Александра Созонова - ...Либо с мечтой о смерти
— Видимо, пообщались с кем-то из стареньких. Это вы зря, зря, — осуждающе, но с улыбкой пробормотал паучок, протерев, по обычаю, влажной салфеткой тончайшие пальцы и принявшись перебирать и зачем-то ощупывать разбросанные по столу таблицы и графики. — Вас ведь, кажется, предупреждали о недопустимости нерегламентированного общения на Гиперборее. — Найдя нужную бумажку, изрисованную синим и красным фломастером, замолчал, изучая. Затем удовлетворенно хмыкнул. — Что ж. Обычно внушенный трип мы проводим после ряда других, более простых техник. Но в вашем случае, Норди, это может быть оправдано. Трип так трип! Отправимся в странствие, раз уж вам так хочется. И прямо сейчас, к чему тянуть? — Он оглядел меня со значением и замедлил речь. — Итак, методика проводится в два этапа. Под гипнозом вам будет задана цель путешествия, а также установка запомнить всё увиденное как можно четче. Затем вы получите дозу кислоты. И то и другое будет происходить в «комнате вечности». Знаете, что это?
— Знаком! Исследовал ее с пылесосом, — бодро откликнулся я. — Там еще такие веселенькие лампочки со всех сторон.

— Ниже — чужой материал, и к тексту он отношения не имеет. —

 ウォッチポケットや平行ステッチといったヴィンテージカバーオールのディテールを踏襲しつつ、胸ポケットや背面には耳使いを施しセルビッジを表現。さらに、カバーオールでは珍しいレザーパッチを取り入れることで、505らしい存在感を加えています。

— Прекрасно. Путешествие продлится около шести часов. Выйдя из него, вы хорошенько всё вспомните и запишете, как можно подробнее, до малейших деталей. А на следующий день, а именно завтра после полудня, последует второй этап: вы расскажете о ваших впечатлениях на группе.
— Почему на группе, а не тет-а-тет?
— Группа будет состоять из новеньких, как вы, и стареньких, уже не раз проанализировавших свой ЛСД-опыт. Их рассказы, расспросы, уточнения помогут вам нарисовать наиболее исчерпывающую картину увиденного и испытанного.
— А это ничего, что я не поддаюсь гипнозу?
— Ничего. Это не простой гипноз, он сочетается с определенными техниками проникновения в подсознание кружным путем, и ему поддаются все без исключения. Методика уникальная, ноу-хау! — горделиво отметил он. — Создана и впервые опробована здесь, на острове.
— Майером? — уточнил я.
Роу поколебался пару секунд.
— Почти. Итак, приступим?
— А можно поинтересоваться, что именно будет внушаться и вводится в подсознание кружным путем?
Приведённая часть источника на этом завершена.